From this litany of job descriptors, Webco argues Mr. O'Connell had the responsibility to direct, evaluate, discipline and suspend other employees, and in so doing he exercised independent judgment. The Board concluded Webco failed to prove supervisory status for Mr. O'Connell, and the record supports its decision. Missing in Webco's case is a direct link between Mr. O'Connell's exercise of his job responsibilities and company decisions "to hire, transfer, suspend, lay off, recall, promote, discharge, assign, reward, or discipline other employees." 29 U.S.C. § 152(11). The Board concluded Mr. O'Connell was an insignificant player in company decisions affecting other employees. His participation was at most ministerial and attenuated, as in signing reprimand slips at the instruction of his supervisor. Adopting the reasoning of the Board, we agree Mr. O'Connell performed only the kinds of "minor supervisory duties" envisaged by legislative history as insufficient to establish supervisory status. Bell Aerospace, 416 U.S. at 281.

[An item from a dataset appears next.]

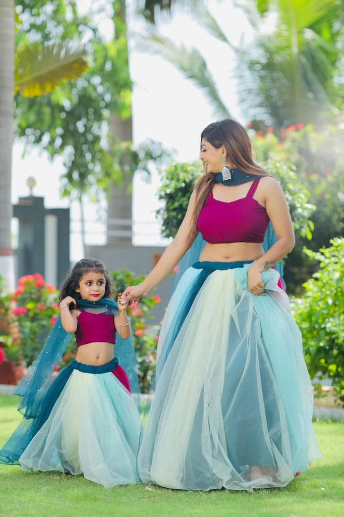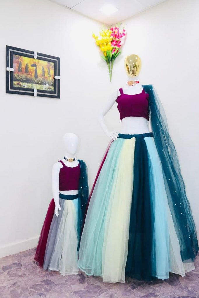 Latest Mother Daughter Net Embroidered Work Lehenga Choli
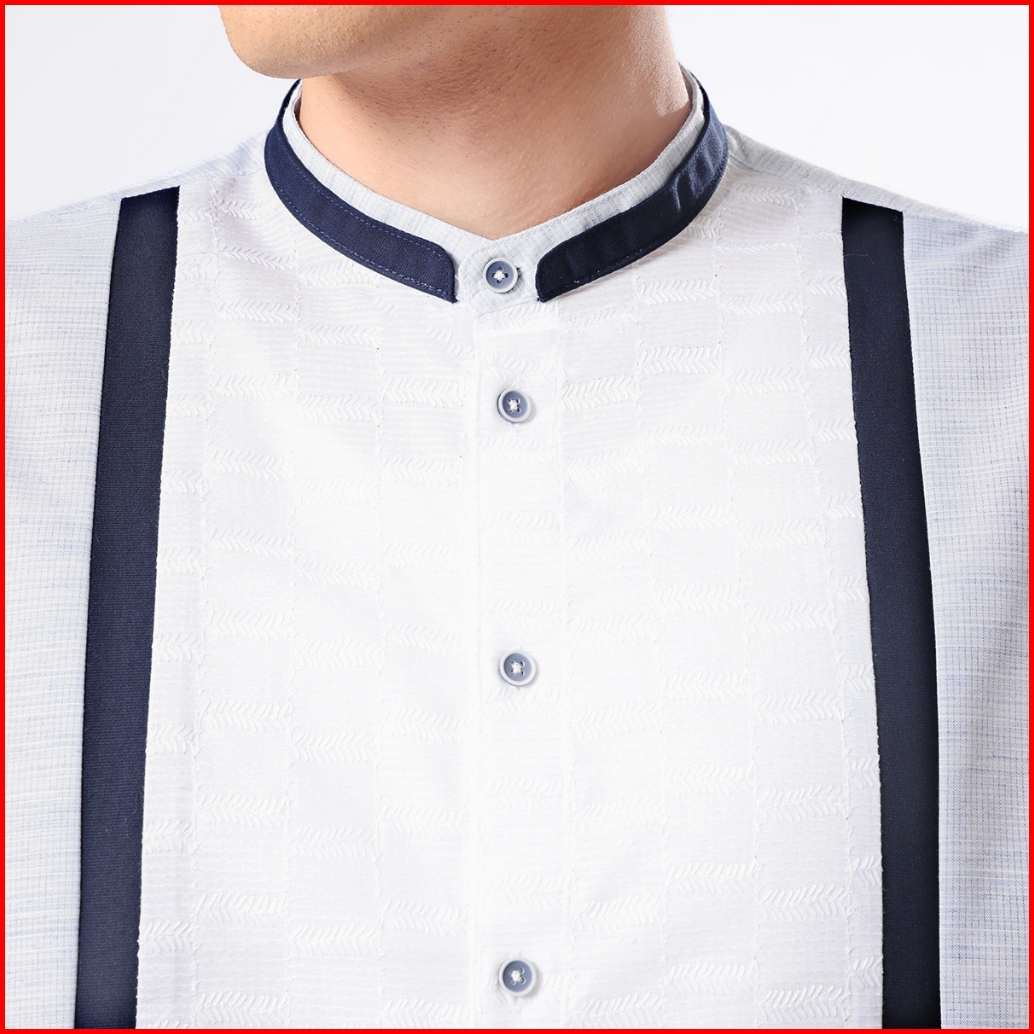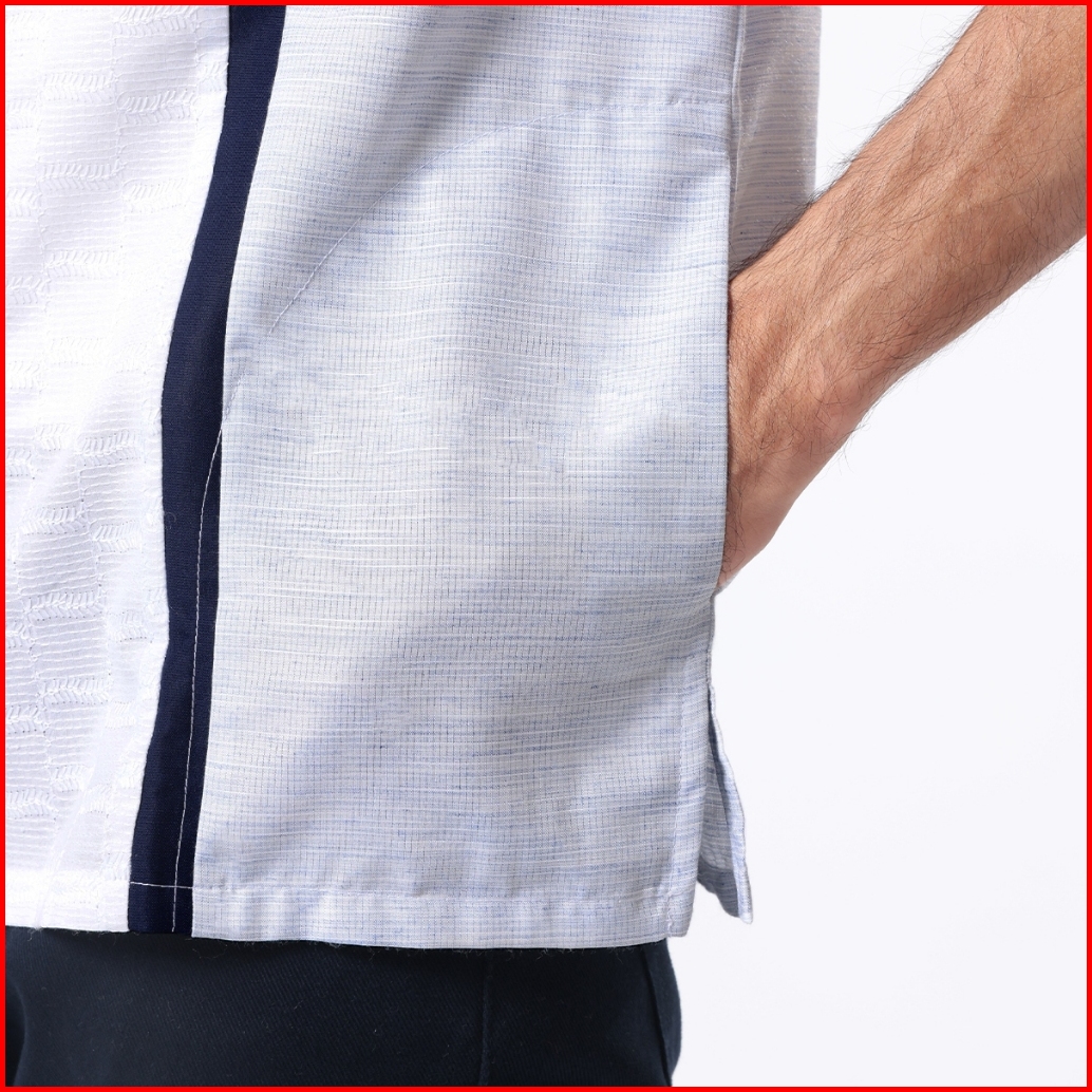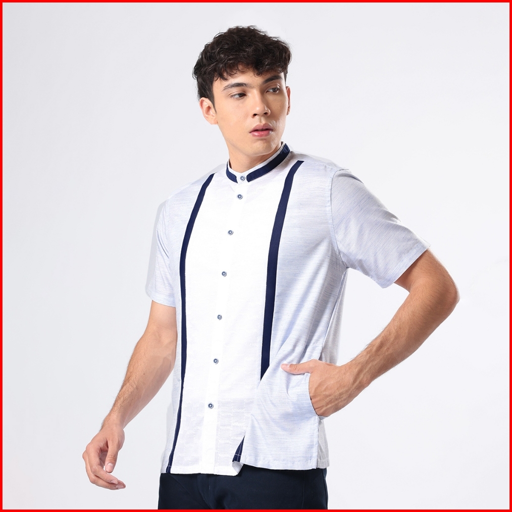 Edwin Jeans - Kemeja Koko Pria Lengan Pendek Aragon White Navy Baju Muslim Pria

Martin Severance Agreement

Webco next contends it did not violate § 8(a)(1) and (a)(3) of the Act with respect to Eric Martin because he signed a severance agreement providing for the payment to him of $569.40 (less usual withholdings) in exchange, inter alia, for his promise not to file a complaint with the Board concerning his discharge and his release of Webco from all employment-related claims. Mr. Martin signed the agreement when he was discharged on October 7, without taking the opportunity Webco gave him to discuss it with an attorney or Union officials. On October 8, the Union filed its first charge against Webco, not naming Mr. Martin as an alleged discriminatee. He was so named in the first amended charge filed by the Union on December 29. The Board's acting regional director issued a complaint on March 8, 1999. Neither the Board's general counsel nor the Union had notice of the agreement when it was signed, and both objected to giving it effect. The Board, in a divided opinion, upheld the administrative law judge's decision finding the severance agreement did not bar relief for Mr. Martin under the Act.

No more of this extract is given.